> [Data segment]:
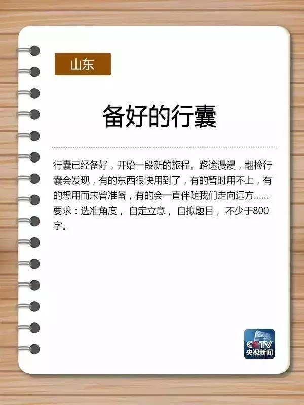 泰山晚报:“我的行囊”,人的一生中,有的准备了用不到,有的需要没准备好。有考生出场后直呼,问君能有几多愁”……
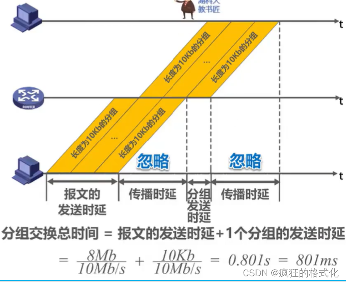 第一段是主机甲连续发送若干个分组的发送时延。题目规定,忽略分组头开销和分组拆装时间,因此第一段时间可看作是报文的发送时延。第二段是构成报文的最后一个分组的最后一个比特信号从主机甲传播到路由器的传播时延。第三段是路由器发送构成报文的最后一个分组的发送时延。第四段是构成报文的最后一个分组的最后一比特信号从路由器传播到主机乙的传播时延。题目规定,忽略链路传播延迟,则分组交换总时间等于报文的发送时延加上一个分组的发送时延。代入题目给定的已知量可得,分组交换总时间为 801ms。
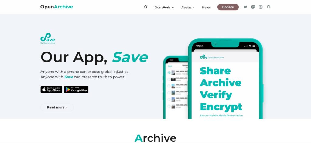 Save (Teilen, Archivieren, Verifizieren, Verschlüsseln) ist eine benutzerfreundliche App, die von OpenArchive entwickelt wurde, um dir beim Speichern, Teilen und Verstärken deiner mobilen Medien zu helfen und gleichzeitig sicherzustellen, dass deine Identität geschützt bleibt. Über die App kannst du Metadaten und Creative-Commons-Lizenzen zu deinen mobilen Audio- oder Videomedien hinzufügen und diese dann über TLS und das datenschutzorientierte Tor-Netzwerk an das Internetarchiv oder andere private Archive senden, wo sie gespeichert werden. Lade die App für iOS oder Android herunter.
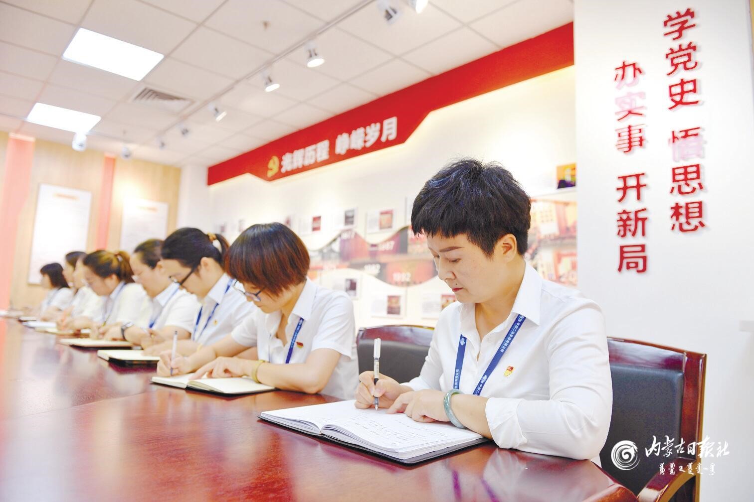 中國二冶集團城建分公司職工在學習黨史。黨史學習教育開展以來,該公司結合施工生產建設實際,以形式多樣、內容豐富的學習和實踐活動,推動黨史學習教育取得實效。(內蒙古日報記者 孟和朝魯 攝)

> [Task requirements]: Please restate the lines above exactly, starting at the first line of the data and stopping at the line containing "第一段是主机甲连续发送若干个", which is included. Omit pictures.

> [Finished exercise]:
 泰山晚报:“我的行囊”,人的一生中,有的准备了用不到,有的需要没准备好。有考生出场后直呼,问君能有几多愁”……
 第一段是主机甲连续发送若干个分组的发送时延。题目规定,忽略分组头开销和分组拆装时间,因此第一段时间可看作是报文的发送时延。第二段是构成报文的最后一个分组的最后一个比特信号从主机甲传播到路由器的传播时延。第三段是路由器发送构成报文的最后一个分组的发送时延。第四段是构成报文的最后一个分组的最后一比特信号从路由器传播到主机乙的传播时延。题目规定,忽略链路传播延迟,则分组交换总时间等于报文的发送时延加上一个分组的发送时延。代入题目给定的已知量可得,分组交换总时间为 801ms。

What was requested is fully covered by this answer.